DAPT aumentó fuertemente el número de células de la punta endotelial por brotes de vasos que tienen un fenotipo de desorientación incluso a dosis bajas, en comparación con DC101. Se observó una brotación defectuosa de los vasos en las eEB de telangiectasia hemorrágica hereditaria del control de ACVRL1 y los genotipos heterocigotos ACVRL1 con numerosos fenotipos de desorientación que brotan en ángulos aleatorios en relación con los vasos parentales. Las mezclas de una línea mESC de tipo salvaje en una proporción de uno a uno con una línea de tipo salvaje mESC no marcada, condujeron a una contribución igual a las principales células de la punta endotelial.

Se realizó un análisis microscópico de esta EB quimérica representativa para identificar el origen genotípico de las principales células de la punta endotelial. Para cuantificar la cobertura celular mural del brote del vaso, se fijaron y tiñeron EB para marcadores de células endoteliales, PECAM, y marcador de células murales, actina alfa del músculo liso. Una imagen de gran aumento reveló que un brote de vaso individual estaba rodeado por celdas murales.
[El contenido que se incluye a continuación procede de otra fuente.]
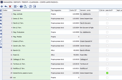Si attiva per singolo magazzino, quindi possono convivere terzisti con gestione "classica" e terzisti con gestione da impegni di produzione: Tabella dei magazzini (1-K-F)

La transformación binaria se realizó después de la separación del canal de color y se cuantificó la proporción de vasos PECAM positivos cubiertos por células murales alfa SMA positivas. Los antecedentes genéticos de la línea de células madre embrionarias también son un factor clave que los investigadores deben considerar, ya que algunas líneas brotan mejor que otras. Este método se puede utilizar para realizar cribado genético utilizando enfoques de ARNi o un banco de células madre embrionarias de ratón que albergan mutaciones genéticas.